━━━ Data to process
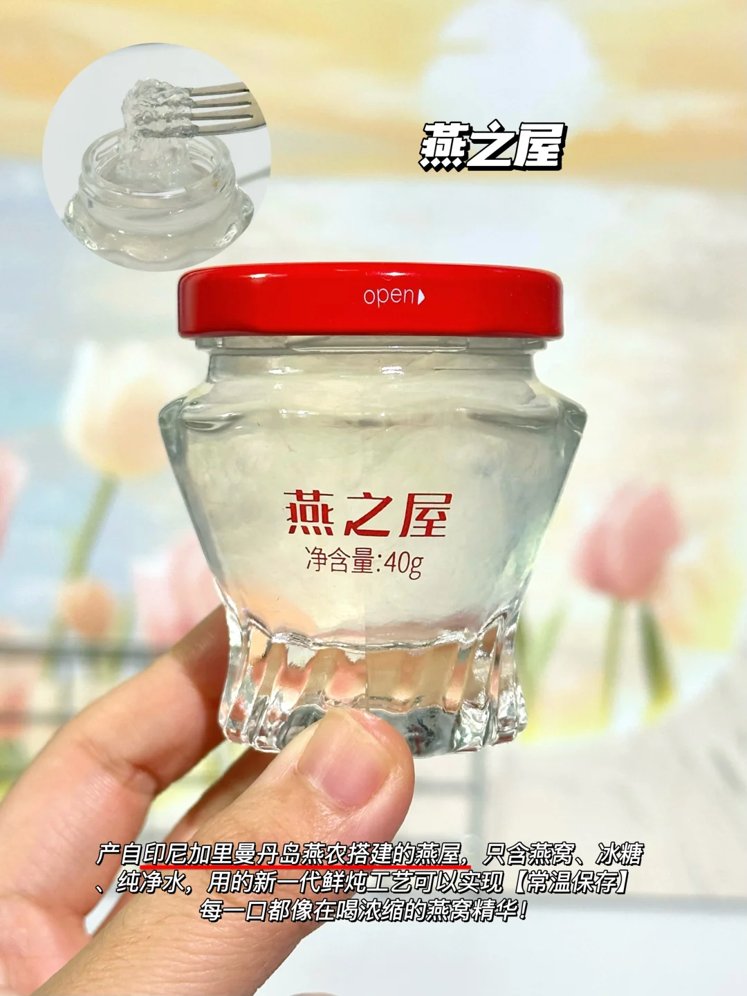 产自印尼加里曼丹岛燕农搭建的燕屋,只含燕窝、冰糖、纯净水,用的新一代鲜炖工艺可以实现【常温保存】 每一口都像在喝浓缩的燕窝精华!
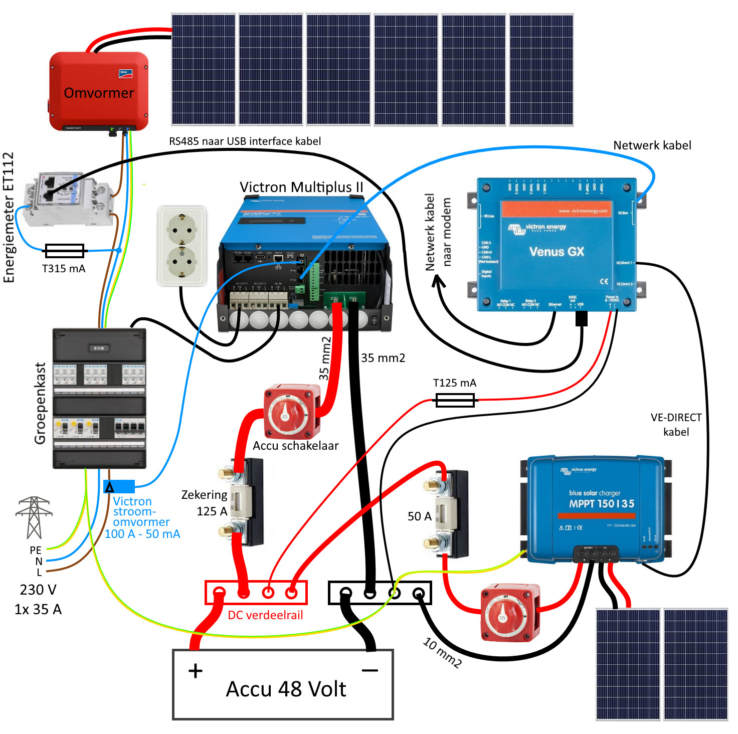 De AC-IN aansluiting is via een eigen 16A zekeringautomaat (in de groepenkast)
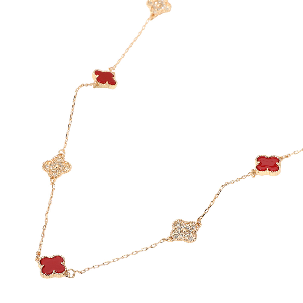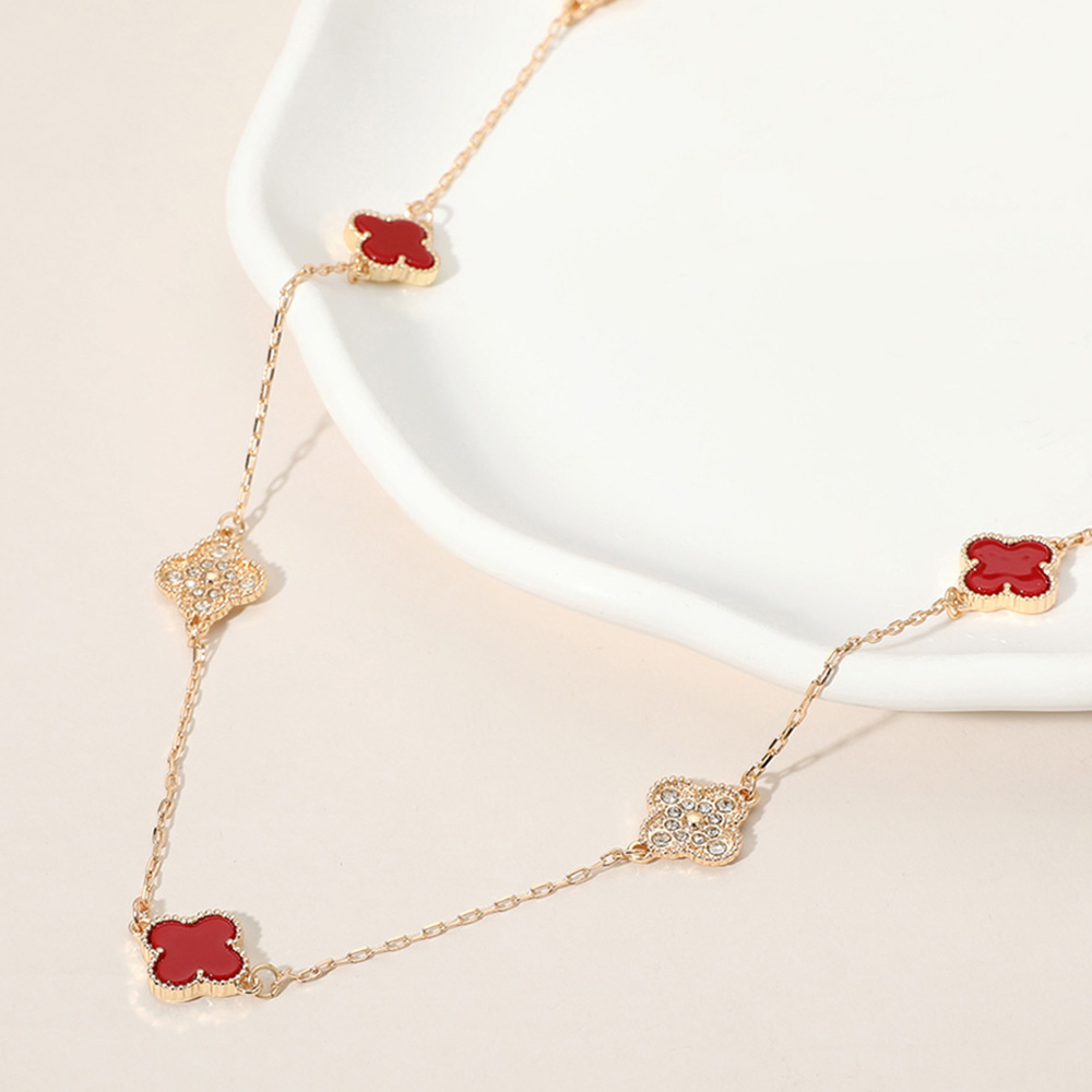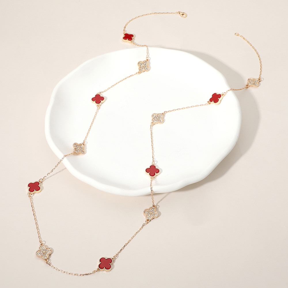 Details • Necklace Size : 34" + 3.25" L • Decor Size : 0.6" L • Chic and delicate necklace featuring quatrefoil-inspired pendants with shimmering accents. A perfect accessory for everyday elegance or refined occasions. Lightweight and timeless in design. • Lead and Nickel Compliant
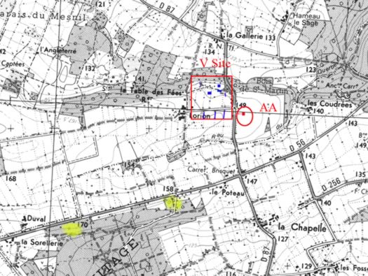 The D56 running E/W and the D87 N/S. The V1 site is situated in the square and the search light circled in red.
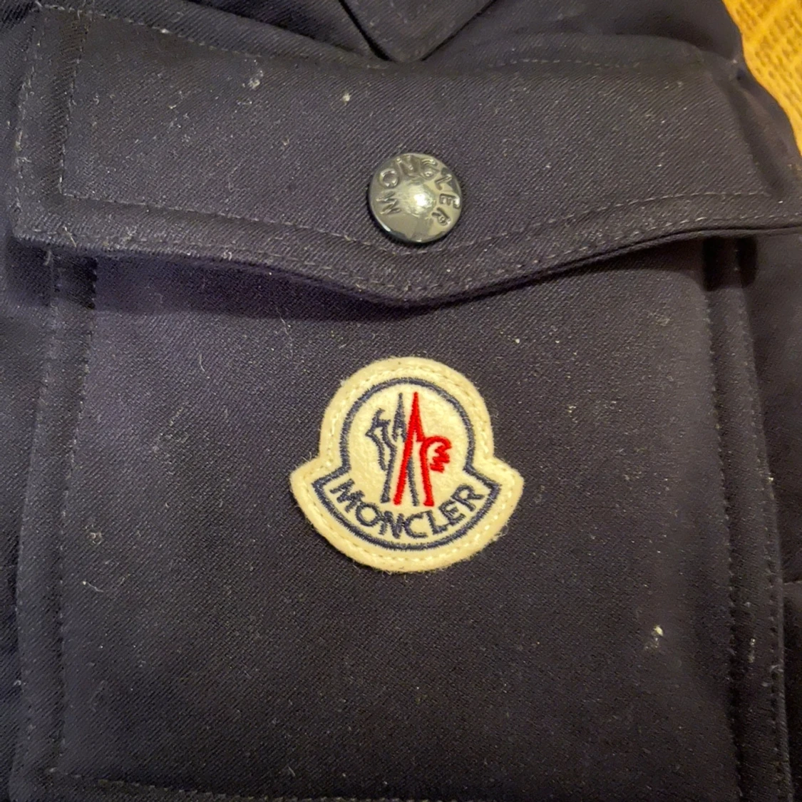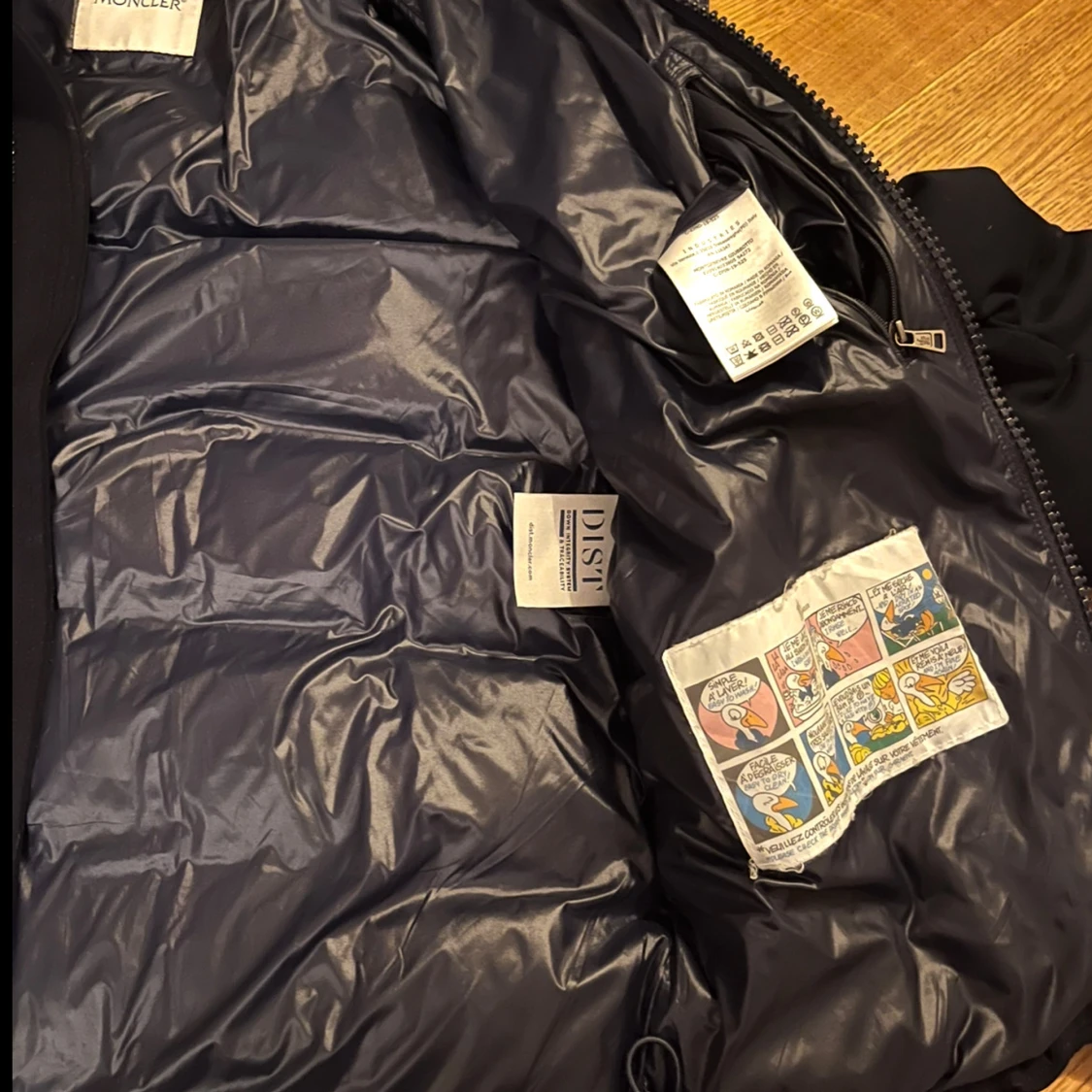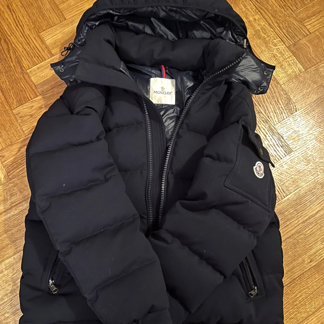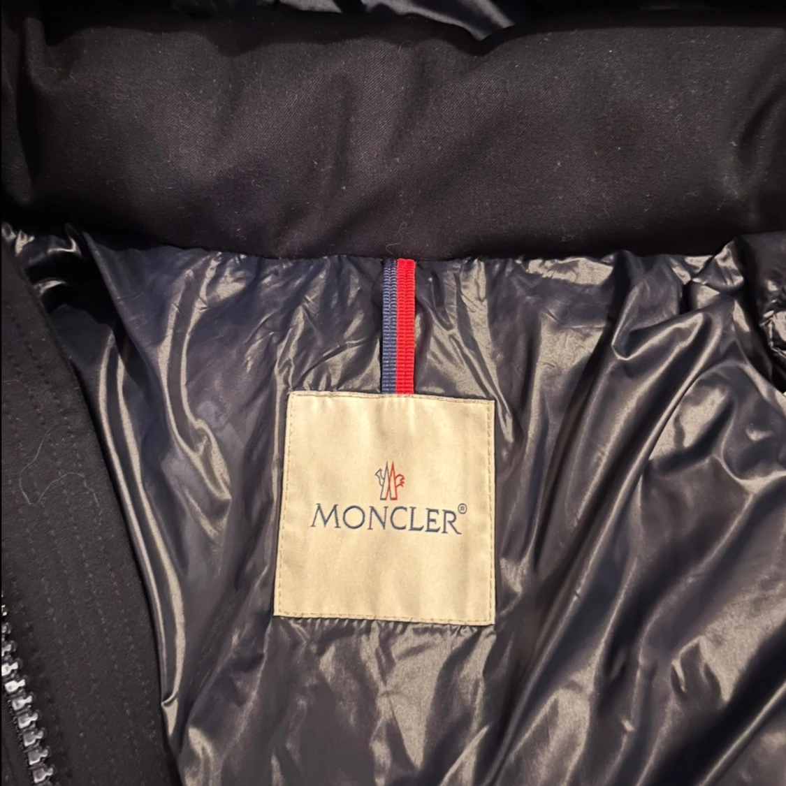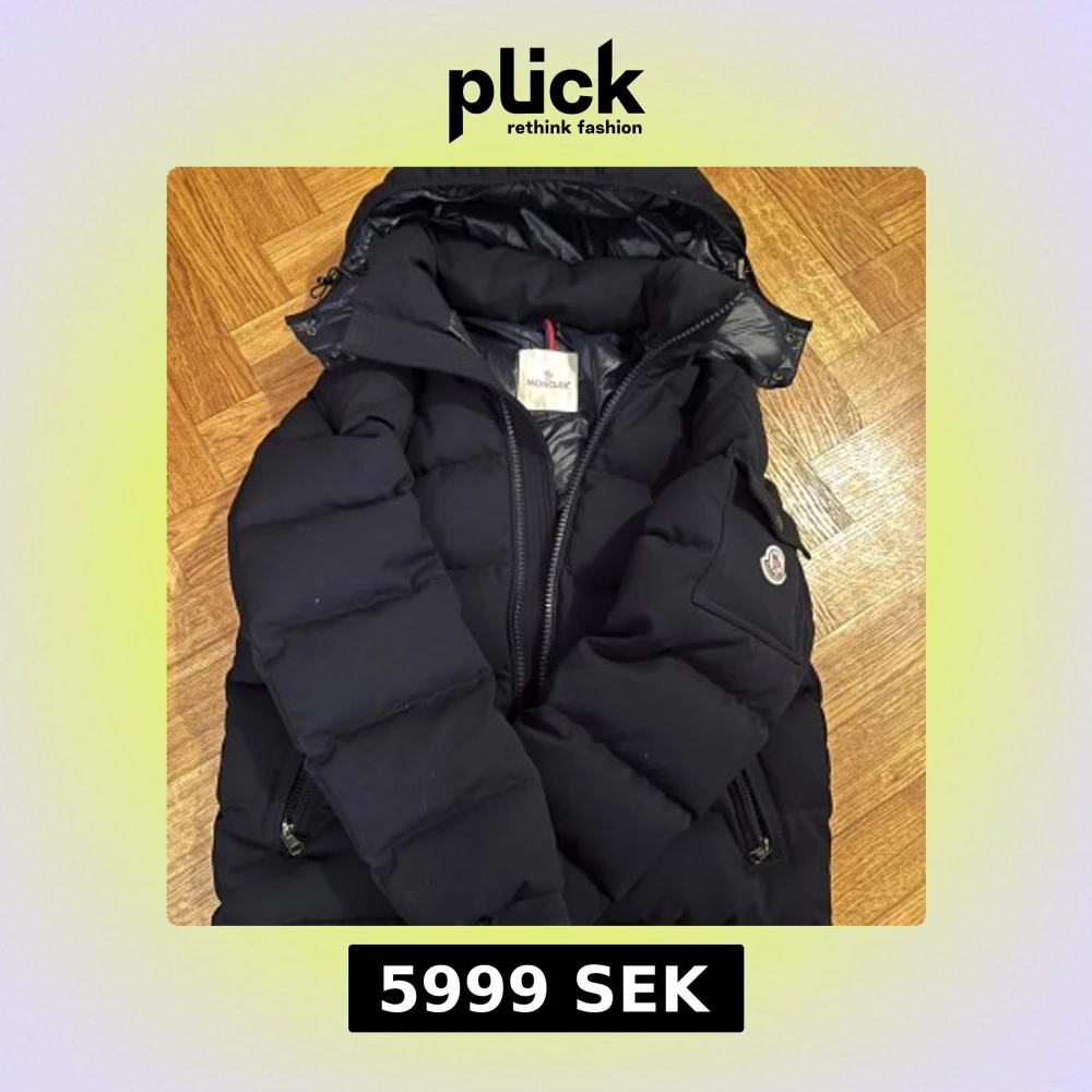 Säljer en svart dunjacka från Moncler med huva och dragkedja. Jackan har långa ärmar och två fickor med dragkedja. Perfekt för kalla dagar med sin pufferdesign. Tar emot byte
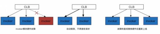 比如平台内部Invoker模块实例硬件故障时,如下图所示,由于invoker模块无状态,故障时可由接入层CLB模块自动剔除,剔除后新请求分发至剩余invoker模块实例,已接收的异步事件可由其它invoker重试完成,同步http调用会直接返回给用户错误请求,由用户重试,在故障invoker实例恢复后,自动添加至CLB中,继续分担负载。
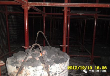 3)暖棚法比较适合易于封闭的结构,通过保证暖棚内的温度(各测点的温度不得低于5℃)进行混凝土养护,通长采取的升温方式有火炉升温、电暖器、电热风等加热方式;加热过程中应监测混凝土不得失水现象,否则应及时采取增湿措施或表面洒水养护。
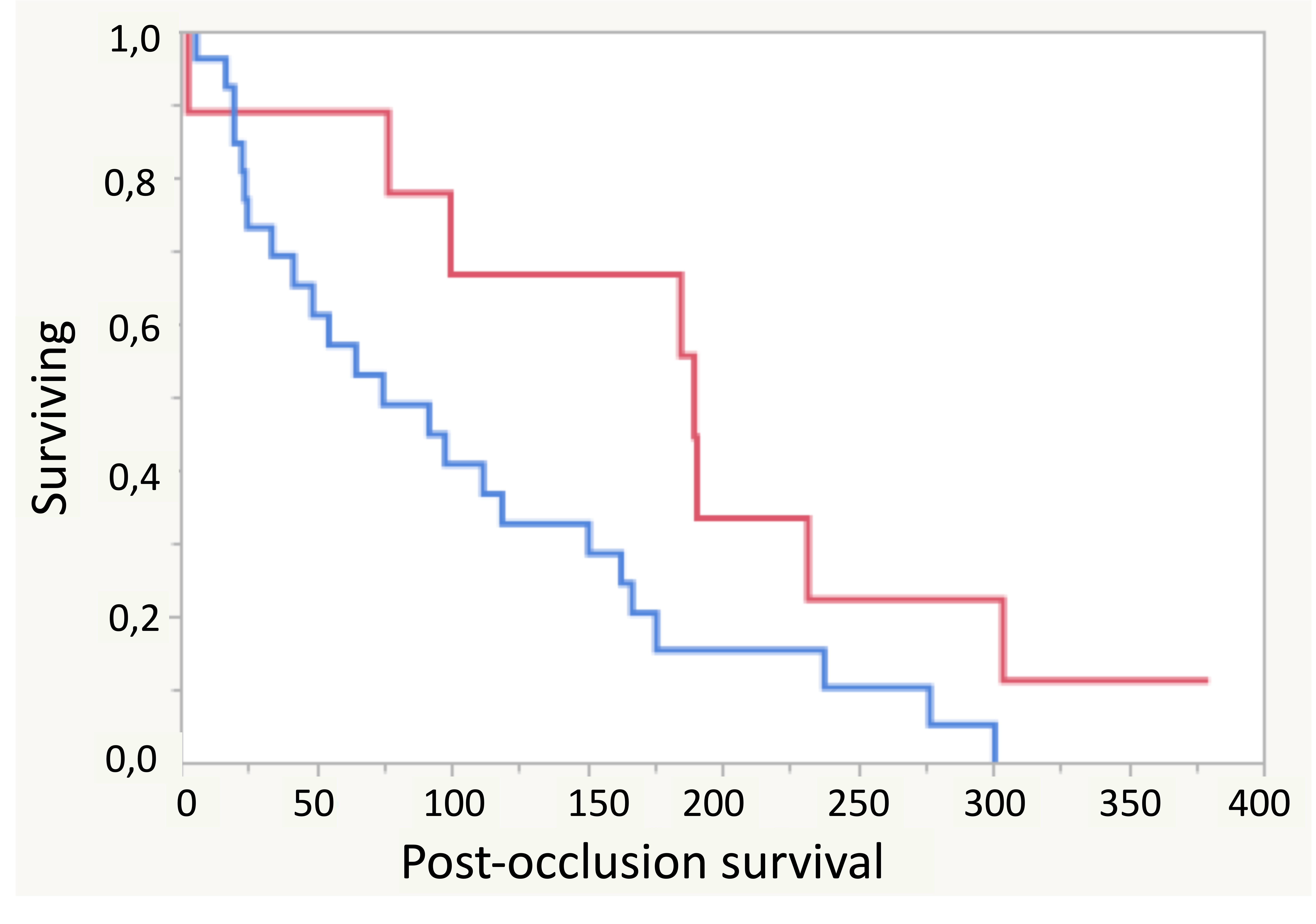 Overall, post-occlusion survival was longer in surgical patients than in
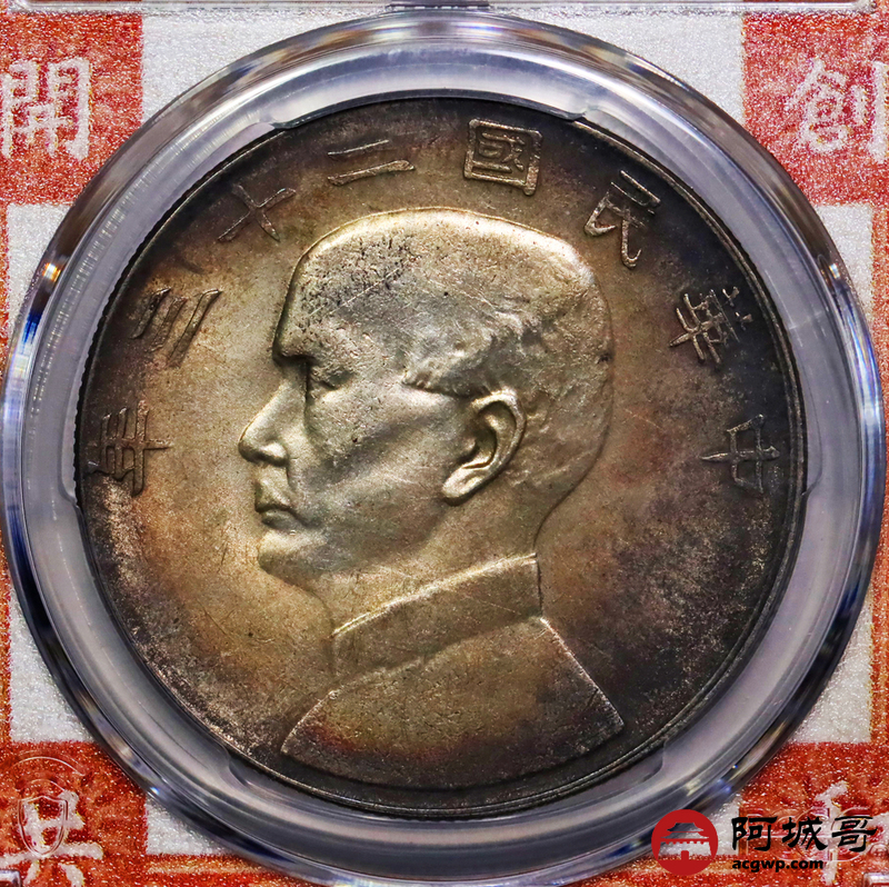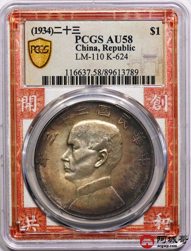 Lot:8 a二十三年双面老五彩包浆转光状态PCGS AU58
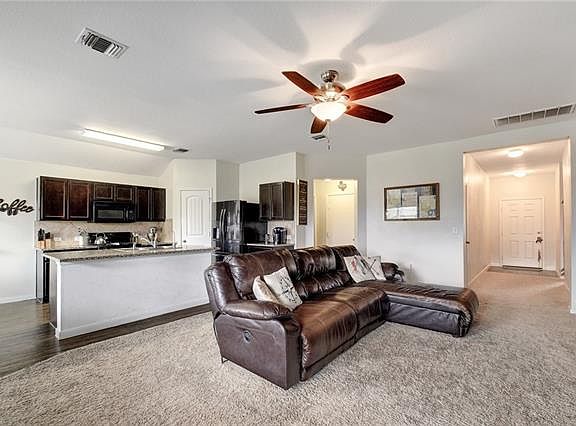 1-story, 3/2 floor plan. Open concept living room with reclaimed wood wall. Kitchen has an island, granite counters, and walk-in pantry. The master is a relaxing haven with ample natural light and the closet is outfitted with custom shelving and a hidden storage area. The secondary rooms are separate from the master and each have a walk-in closet. Big back yard with a covered patio. High-end water softener & filtration system, refrigerator, and playscape convey!
━━━━━━
» **Task brief**: Repeat exactly the lines above, from the line that contains "De AC-IN aansluiting" down through the line that contains "Details • Necklace". Include both of those lines and none of the pictures.

» **Exercise answer**:
 De AC-IN aansluiting is via een eigen 16A zekeringautomaat (in de groepenkast)
 Details • Necklace Size : 34" + 3.25" L • Decor Size : 0.6" L • Chic and delicate necklace featuring quatrefoil-inspired pendants with shimmering accents. A perfect accessory for everyday elegance or refined occasions. Lightweight and timeless in design. • Lead and Nickel Compliant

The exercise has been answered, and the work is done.